Dans son discours introductif, Prof. Kathryn Hess Bellwald, professeure et vice-présidente associée pour les affaires estudiantines et l’outreach à l’EPFL, a déclaré : « L’évolution de la formation de nos étudiant·e·s fait constamment l’objet de réflexions et de discussions à l’EPFL. L’EPFL doit former des ingénieur·e·s et des scientifiques qui non seulement excellent sur le plan technique mais qui soient également disposé·e·s à assumer un rôle d’exemple en tant que citoyen·ne·s. Ils·elles doivent avoir conscience de leur responsabilité et être prêt·e·s à apporter une contribution à la société. Il faut pour cela qu’ils·elles soient bien armé·e·s. » Pour Prof. Benoît Dubuis, président de la SATW, « l’avenir et la compétitivité de l’industrie suisse se décident aujourd’hui dans la formation de nos jeunes. L’Académie suisse des sciences techniques s’engage en ce sens, en réunissant tous les acteurs nationaux sous un double objectif : identifier les tendances et proposer des mesures concrètes pour préparer les jeunes générations au monde de demain. »

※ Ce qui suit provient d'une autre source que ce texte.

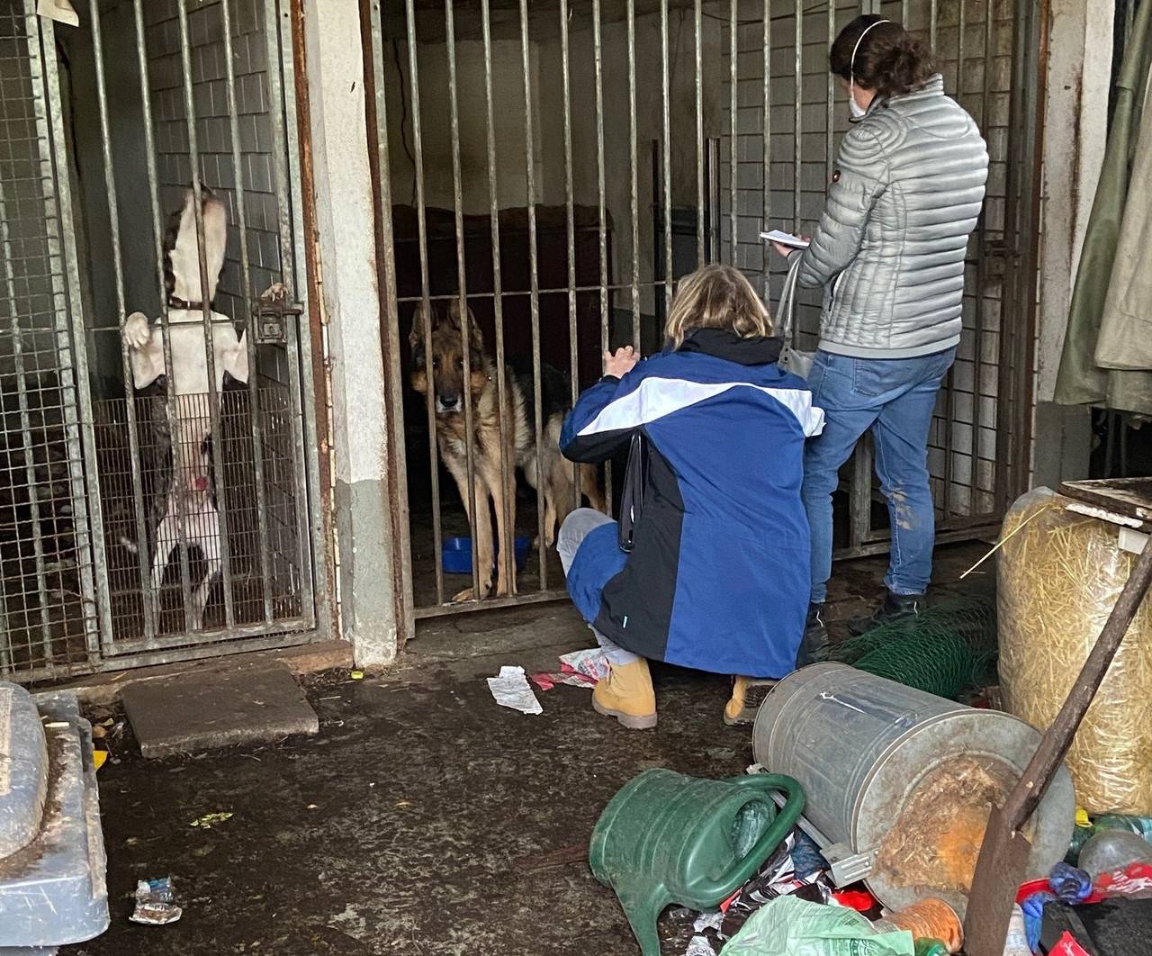 Auf dem abgelegenen Areal fanden die Einsatzkräfte versteckt in Parzellen dann die Hunde. Sie hatten weder Wasser noch Futter. Die Zwinger waren völlig verdreckt. Die Tiere waren abgemagert und wirkten völlig verstört. Es handelt sich unter anderem um Bull-Dogen, Terrier und einen Schäferhund. Alle Hunde wurden erstversorgt und sollen jetzt im Tierheim aufgepäppelt und weiter untersucht werden. Gegen die Halter und Halterinnen laufen Ermittlungen.

Si nous voulons relever les défis à venir, il est indispensable d’exploiter au mieux le potentiel de chacun·e, et notamment des filles ainsi que des enfants et des jeunes avec un accès restreint à l’éducation. À ce sujet, l’oratrice principale, Dr. Elpida Makrygianni, directrice de l’Education Engagement à la Faculté des sciences de l’ingénierie de l’University College London, a conçu avec son équipe des programmes innovants et couronnés de succès, dans le cadre de l’initiative « 50:50 Engagement Strategy » mise en place en Grande-Bretagne et qui a permis d’augmenter la diversité dans les métiers de l’ingénierie de 17 % à 70 %.
Dr. Elpida Makrygianni a clairement souligné ce qu’il fallait faire pour que les enfants et les jeunes, indépendamment de leur sexe, leur couleur de peau, leur orientation sexuelle et de leur origine socio-économique, puissent se former dans les disciplines MINT et accéder à un métier de l’ingénierie : tout d’abord, il convient de renouveler l’image du métier d’ingénieur·e et de ses multiples domaines d’intervention, car bon nombre de barrières naissent d’une conception erronée de ce que font les·ingénieur·e·s et de qui peut endosser ce métier. Les nouveaux concepts du métier d’ingénieur·e doivent ensuite être introduits le plus tôt possible dans les écoles et ancrés de l’école primaire jusqu’à l’enseignement supérieur. Les interlocuteur·rice·s et les espaces sûrs (safe spaces) destinés aux filles et aux personnes défavorisées auront un rôle essentiel à jouer, car très souvent les problèmes majeurs rencontrés par ces dernières ne sont pas de nature académique mais viennent généralement du contexte socio-économique et culturel des enfants et des jeunes.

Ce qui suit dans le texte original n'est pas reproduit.